# WHAT TO DO
Print nothing except the lines of the listing below from the line with "This beautiful home" to the line with "- Pourquoi ce déguisement de", each exactly as written, both ends included.

# DATA EXTRACT
____________________
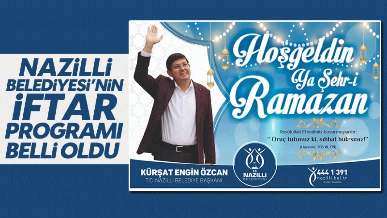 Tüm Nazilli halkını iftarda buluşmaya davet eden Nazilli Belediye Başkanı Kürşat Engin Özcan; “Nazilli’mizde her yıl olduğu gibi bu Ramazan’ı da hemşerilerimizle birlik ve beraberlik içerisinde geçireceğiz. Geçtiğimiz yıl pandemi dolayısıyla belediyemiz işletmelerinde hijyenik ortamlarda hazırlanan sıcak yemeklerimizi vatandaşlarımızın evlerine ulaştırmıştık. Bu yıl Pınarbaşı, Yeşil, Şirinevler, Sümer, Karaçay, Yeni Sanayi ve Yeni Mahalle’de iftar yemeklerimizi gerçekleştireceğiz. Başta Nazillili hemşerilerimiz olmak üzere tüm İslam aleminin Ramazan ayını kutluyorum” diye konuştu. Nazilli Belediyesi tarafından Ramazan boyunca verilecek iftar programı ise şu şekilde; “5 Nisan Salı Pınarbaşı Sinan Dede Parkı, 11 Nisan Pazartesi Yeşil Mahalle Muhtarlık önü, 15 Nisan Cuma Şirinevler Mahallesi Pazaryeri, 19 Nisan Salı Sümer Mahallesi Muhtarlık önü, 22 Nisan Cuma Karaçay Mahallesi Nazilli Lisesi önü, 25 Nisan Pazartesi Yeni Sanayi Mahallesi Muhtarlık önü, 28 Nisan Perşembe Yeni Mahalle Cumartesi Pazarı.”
____________________
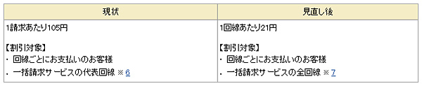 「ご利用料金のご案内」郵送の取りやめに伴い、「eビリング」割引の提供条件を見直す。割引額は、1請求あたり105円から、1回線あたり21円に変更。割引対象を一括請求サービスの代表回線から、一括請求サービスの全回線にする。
____________________
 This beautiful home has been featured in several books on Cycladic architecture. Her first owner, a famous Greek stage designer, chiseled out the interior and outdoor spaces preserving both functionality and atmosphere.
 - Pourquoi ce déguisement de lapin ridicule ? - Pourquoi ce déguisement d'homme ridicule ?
____________________
# REPLY TO THE TASK
 This beautiful home has been featured in several books on Cycladic architecture. Her first owner, a famous Greek stage designer, chiseled out the interior and outdoor spaces preserving both functionality and atmosphere.
 - Pourquoi ce déguisement de lapin ridicule ? - Pourquoi ce déguisement d'homme ridicule ?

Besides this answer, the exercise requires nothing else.